Жюль Верн - Пятьсот миллионов бегумы. Найдёныш с погибшей «Цинтии»
— Да почём я знаю? И откуда мне знать все эти дьявольские страны. Ведь я никогда и не выходил за пределы Бергена и Нороэ, если не считать одного или двух раз, когда я рыбачил у берегов Исландии и Гренландии, — ответил он недовольным тоном.
— Я бы охотно предположил, что это английское или немецкое название, — сказал доктор, как бы намеренно не замечая тона своего собеседника. — Я мог бы это легко определить по форме букв, если бы увидел круг. Вы не сохранили его?
— Нет, чёрт возьми, он уже давным-давно сожжён! — не без ехидства воскликнул Герсебом.
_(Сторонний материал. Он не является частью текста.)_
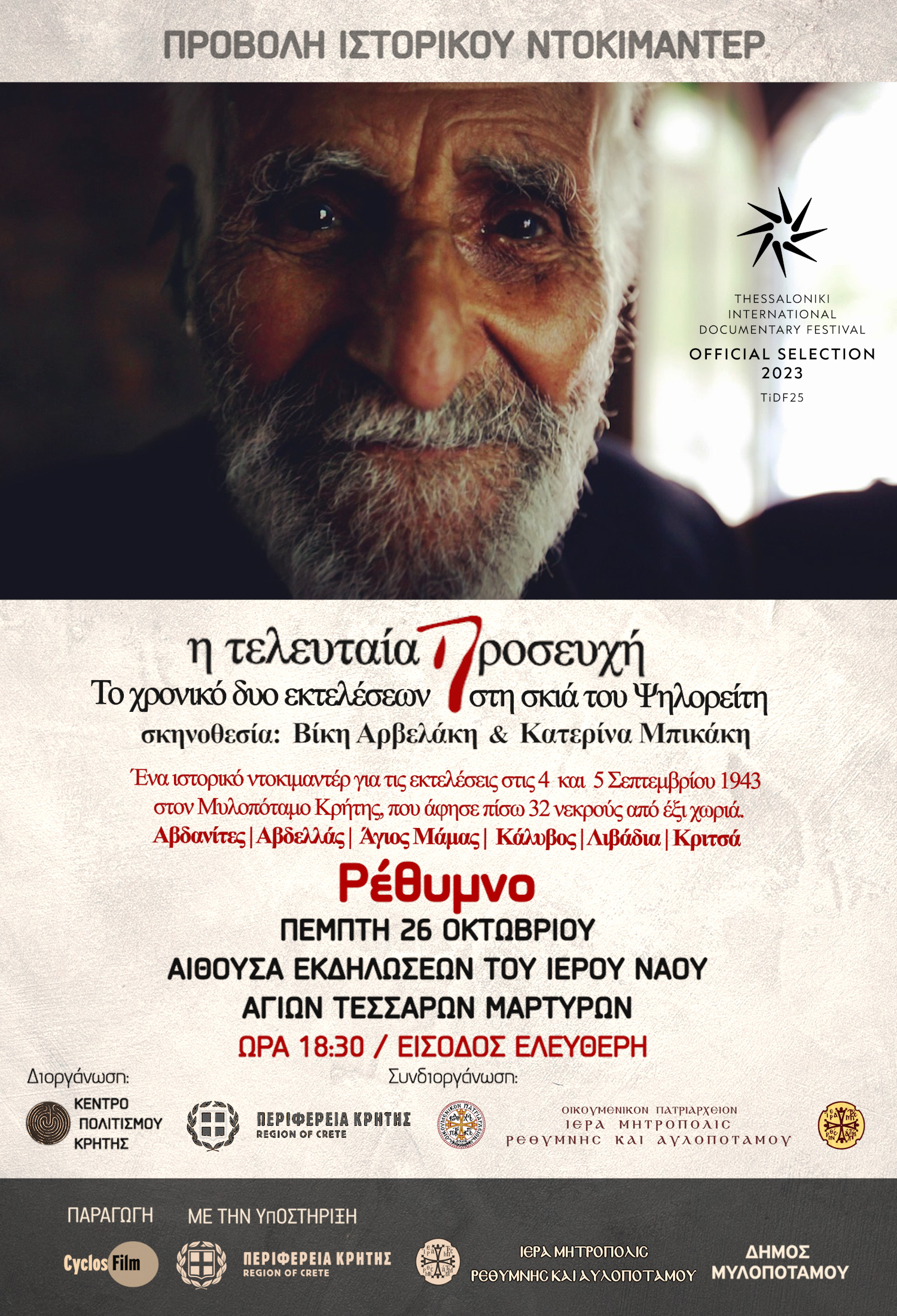 «Η Τελευταία Προσευχή: Το χρονικό δυο εκτελέσεων στη σκιά του Ψηλορείτη» θα προβληθεί στο Ρέθυμνο, την Πέμπτη 26 Οκτωβρίου 2023 και ώρα 18:30, στην αίθουσα εκδηλώσεων του Ιερού Ναού των Αγίων Τεσσάρων Μαρτύρων, στα πλαίσια του Εορτασμού της Μνήμης των Αγίων Τεσσάρων Νεομαρτύρων, Γεωργίου, Αγγελή, Μανουήλ και Νικολάου των εν Ρεθύμνη μαρτυρησάντων, η οποία συμπίπτει με την Εθνική Επέτειο της 28ης Οκτωβρίου.

— Маляриус запомнил, что буквы были латинские, — произнёс доктор, как бы размышляя вслух, — и на бельё тоже латинские; значит, можно допустить, что «Цинтия» не немецкое судно49. Я склонен думать, что это был английский корабль. А вы как думаете, маастер Герсебом?
— Меня это мало трогает, — ответил рыбак. — Будь он английским, русским или патагонским, это не моя забота. Не мало времени прошло с тех пор, как этот корабль поделился своей тайной с океаном на трех— или четырехкилометровой глубине.
Можно было подумать, маастера Герсебома даже радовало, что тайна судна погребена на дне морском.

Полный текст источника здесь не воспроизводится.